RECORDS FOR THIS EXERCISE —
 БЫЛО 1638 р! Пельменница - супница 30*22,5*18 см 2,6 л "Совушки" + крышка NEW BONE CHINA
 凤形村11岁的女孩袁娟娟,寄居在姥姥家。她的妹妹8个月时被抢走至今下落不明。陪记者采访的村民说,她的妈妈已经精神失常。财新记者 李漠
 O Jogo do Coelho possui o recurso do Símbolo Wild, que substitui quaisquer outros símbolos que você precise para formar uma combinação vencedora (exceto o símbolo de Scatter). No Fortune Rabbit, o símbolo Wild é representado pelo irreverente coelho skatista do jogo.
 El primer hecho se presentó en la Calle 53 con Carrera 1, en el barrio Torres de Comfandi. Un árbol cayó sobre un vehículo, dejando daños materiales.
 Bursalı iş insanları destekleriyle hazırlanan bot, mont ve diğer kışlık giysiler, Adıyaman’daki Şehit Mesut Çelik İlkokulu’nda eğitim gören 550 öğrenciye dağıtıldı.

...

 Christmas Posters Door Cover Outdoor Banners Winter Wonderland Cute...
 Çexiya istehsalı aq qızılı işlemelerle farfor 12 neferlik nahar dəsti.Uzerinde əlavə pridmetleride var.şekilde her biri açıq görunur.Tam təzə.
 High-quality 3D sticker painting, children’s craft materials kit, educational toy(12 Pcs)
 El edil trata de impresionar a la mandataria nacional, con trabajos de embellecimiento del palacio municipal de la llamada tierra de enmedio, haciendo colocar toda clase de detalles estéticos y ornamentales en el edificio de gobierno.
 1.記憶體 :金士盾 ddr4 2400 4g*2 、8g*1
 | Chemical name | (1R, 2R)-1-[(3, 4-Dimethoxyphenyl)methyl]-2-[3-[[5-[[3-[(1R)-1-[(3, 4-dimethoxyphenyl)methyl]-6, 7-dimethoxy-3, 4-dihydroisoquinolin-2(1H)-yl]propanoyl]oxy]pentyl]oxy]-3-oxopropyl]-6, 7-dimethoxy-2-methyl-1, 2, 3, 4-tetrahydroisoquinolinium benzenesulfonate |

EXERCISE DESCRIPTION —
The response should hold exactly the lines starting at the line with "БЫЛО 1638 р!" and ending at the line with "Bursalı iş insanları", and no other line of the material above.

ANSWER BOX —
 БЫЛО 1638 р! Пельменница - супница 30*22,5*18 см 2,6 л "Совушки" + крышка NEW BONE CHINA
 凤形村11岁的女孩袁娟娟,寄居在姥姥家。她的妹妹8个月时被抢走至今下落不明。陪记者采访的村民说,她的妈妈已经精神失常。财新记者 李漠
 O Jogo do Coelho possui o recurso do Símbolo Wild, que substitui quaisquer outros símbolos que você precise para formar uma combinação vencedora (exceto o símbolo de Scatter). No Fortune Rabbit, o símbolo Wild é representado pelo irreverente coelho skatista do jogo.
 El primer hecho se presentó en la Calle 53 con Carrera 1, en el barrio Torres de Comfandi. Un árbol cayó sobre un vehículo, dejando daños materiales.
 Bursalı iş insanları destekleriyle hazırlanan bot, mont ve diğer kışlık giysiler, Adıyaman’daki Şehit Mesut Çelik İlkokulu’nda eğitim gören 550 öğrenciye dağıtıldı.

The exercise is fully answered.